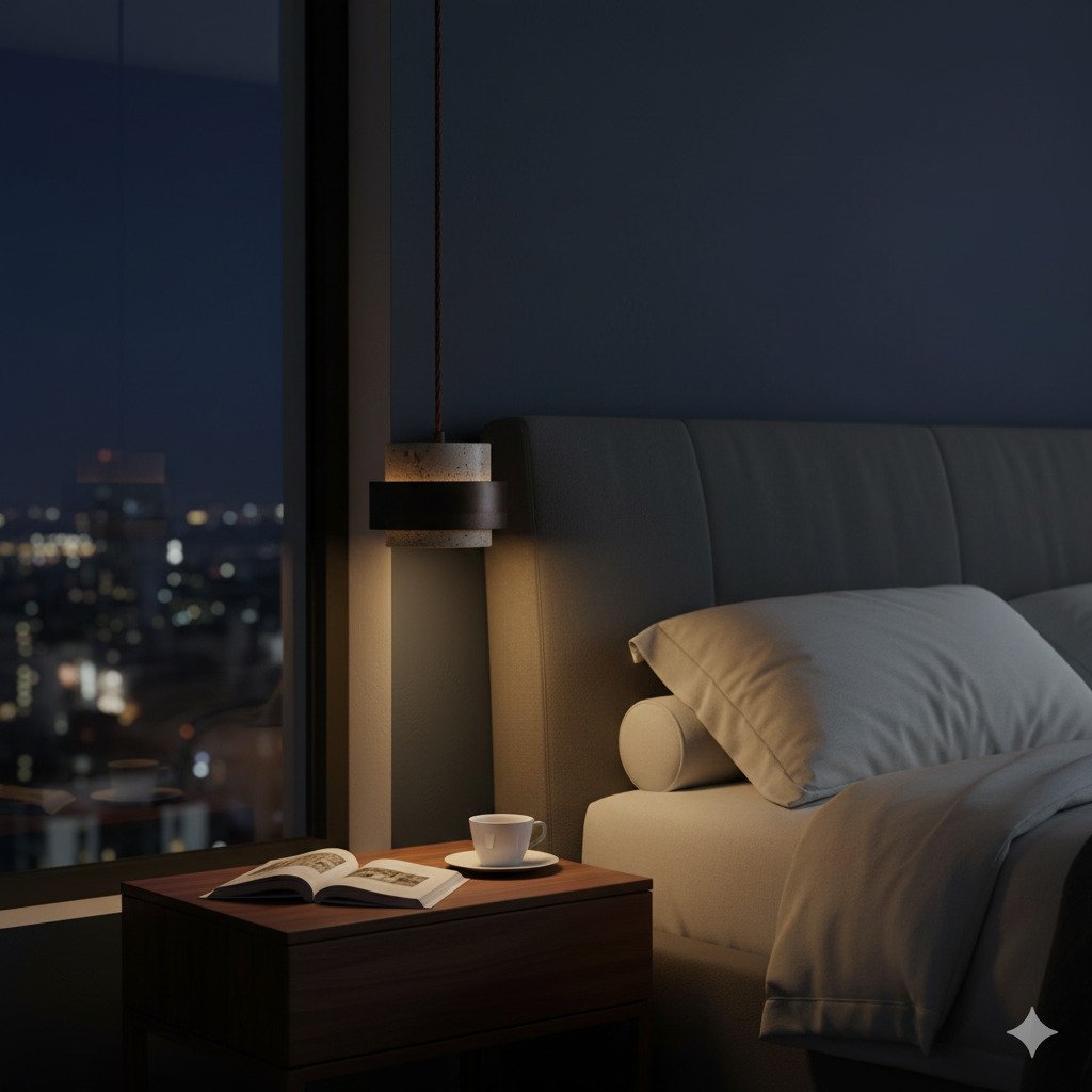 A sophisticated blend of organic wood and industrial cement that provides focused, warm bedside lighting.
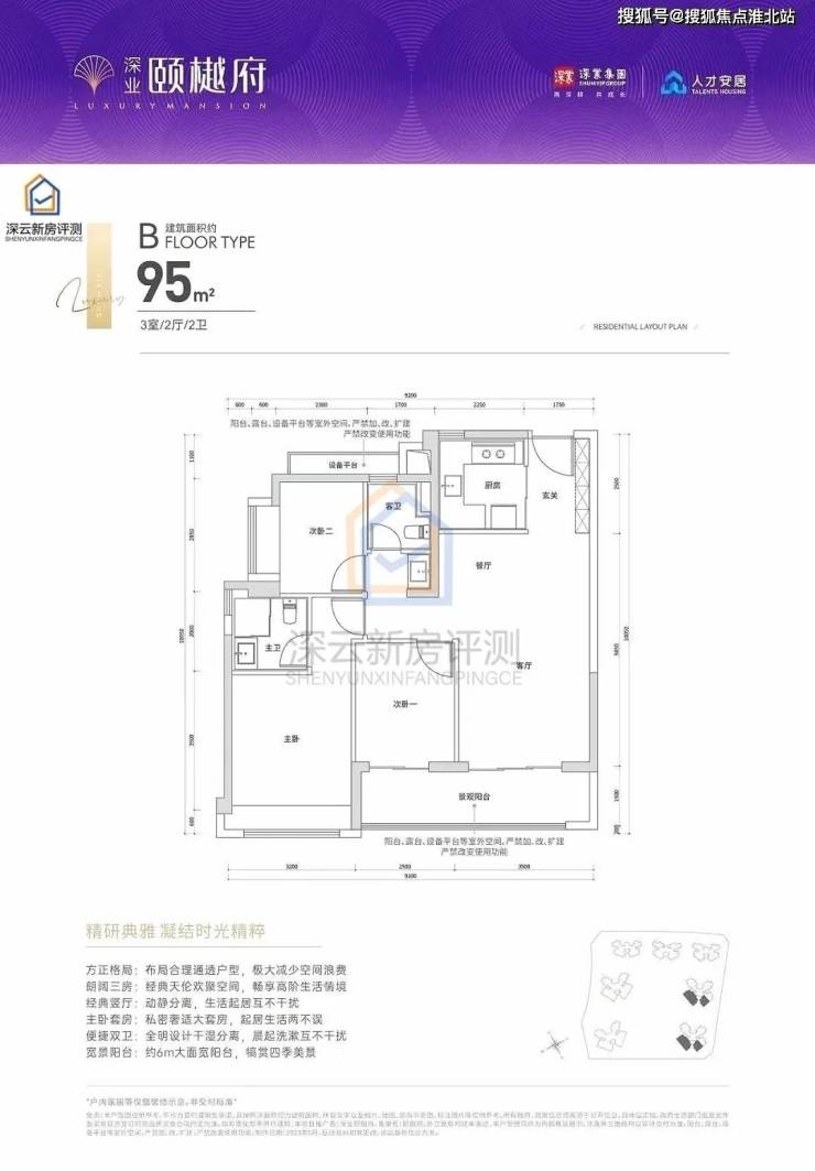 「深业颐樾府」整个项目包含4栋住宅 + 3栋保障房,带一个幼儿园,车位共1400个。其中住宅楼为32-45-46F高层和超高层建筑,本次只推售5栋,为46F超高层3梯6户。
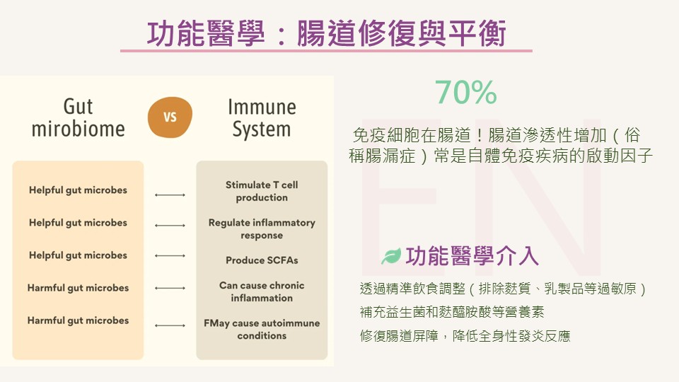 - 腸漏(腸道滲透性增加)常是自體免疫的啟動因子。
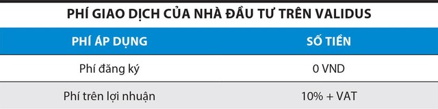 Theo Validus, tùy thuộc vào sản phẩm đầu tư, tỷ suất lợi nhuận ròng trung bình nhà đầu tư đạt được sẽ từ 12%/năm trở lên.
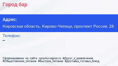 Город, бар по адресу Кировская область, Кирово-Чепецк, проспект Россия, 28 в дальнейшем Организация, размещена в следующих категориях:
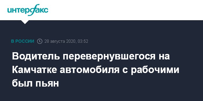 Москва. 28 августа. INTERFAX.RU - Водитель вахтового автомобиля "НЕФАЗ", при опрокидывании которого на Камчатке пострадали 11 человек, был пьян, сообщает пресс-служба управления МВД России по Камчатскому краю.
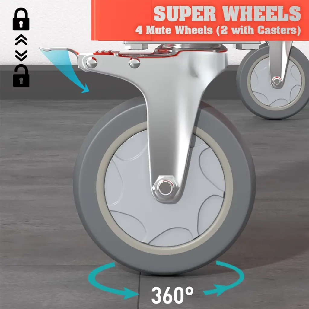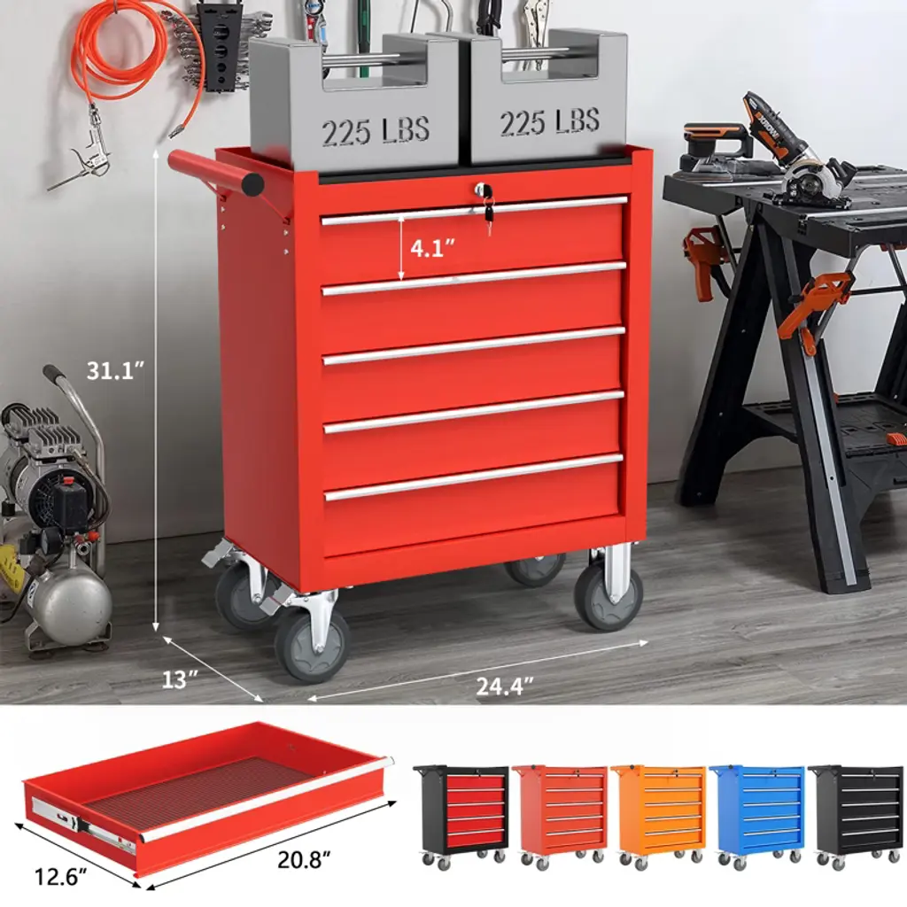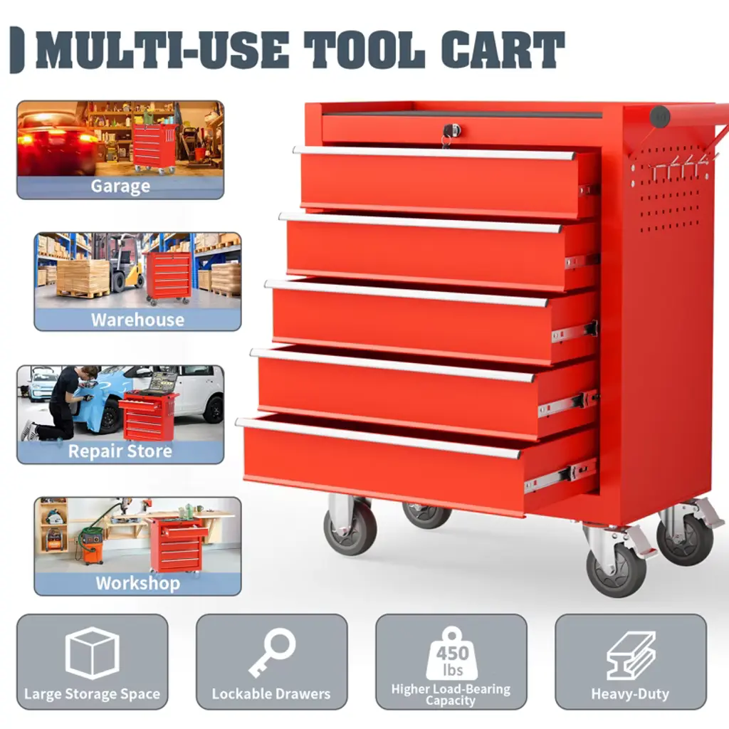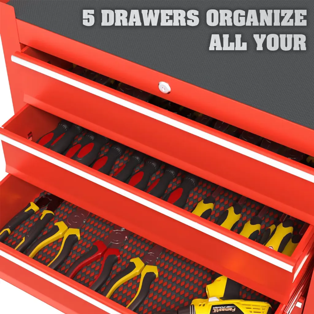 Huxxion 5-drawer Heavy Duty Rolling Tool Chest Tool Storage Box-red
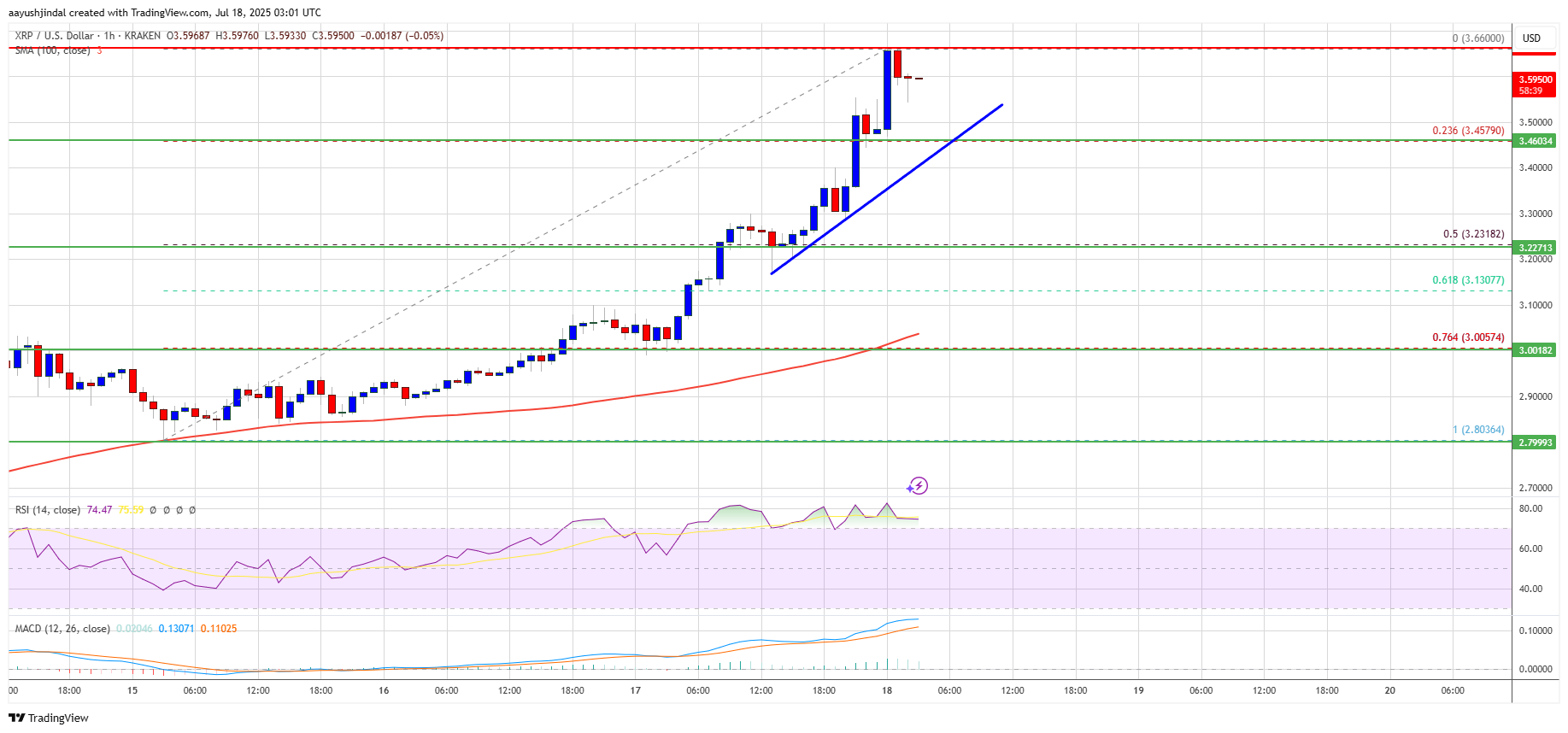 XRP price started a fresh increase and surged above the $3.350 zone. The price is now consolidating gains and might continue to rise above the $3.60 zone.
-.-.-
Please retype exactly the lines from the one containing "Huxxion 5-drawer Heavy" to the last line of the records above, both included, without any pictures.

• _Your solution_:
 Huxxion 5-drawer Heavy Duty Rolling Tool Chest Tool Storage Box-red
 XRP price started a fresh increase and surged above the $3.350 zone. The price is now consolidating gains and might continue to rise above the $3.60 zone.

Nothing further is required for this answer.